テストデータは36個ですから、正解率は35/36。なかなかです。
次元削減なし
どうなるでしょうか。
# 学習と予測
f = GKDEClassifier()
f.fit(X_train_std, y_train)
y_pred = f.predict(X_test_std)
print(accuracy_score(y_test, y_pred))
# 0.9722222222222222
結果:同じ。
円型データセット編
円型のデータセットを作ってみました。
from sklearn.datasets import make_circles
from matplotlib import pyplot as plt
X, y = make_circles(n_samples=1000, random_state=1, noise=0.1, factor=0.2)

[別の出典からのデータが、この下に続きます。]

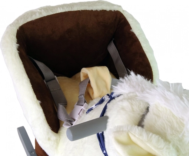 Houpací jednorožec je nadčasová dětská hračka a zároveň stylová dekorace do dětského pokoje. Jemný bílý plyš je příjemný na dotek, zatímco pevné šedé dřevěné lyžiny zajišťují stabilitu při houpání. Sedátko s bezpečnostními pásy a madly drží dítě v bezpečné poloze a dodává jistotu i menším dětem.

plt.scatter(X[y==0, 0], X[y==0, 1], c="red", marker="^", alpha=0.5)
plt.scatter(X[y==1, 0], X[y==1, 1], c="blue", marker="o", alpha=0.5)
plt.show()
中心部と外縁部でラベルが異なります。
正しく分類できるかな?
X_train, X_test, y_train, y_test = train_test_split(X, y, test_size=0.3,
random_state=1, stratify=y)
f = GKDEClassifier()
f.fit(X_train, y_train)
y_pred = f.predict(X_test)
print(accuracy_score(y_test, y_pred))
# 0.9933333333333333
結論:大勝利。
最後に
ここまでいい感じに分類できていますが、実は大事なことを忘れています。
それは、この分類方法の学術的な正しさです。次回はその議論をしようと思います。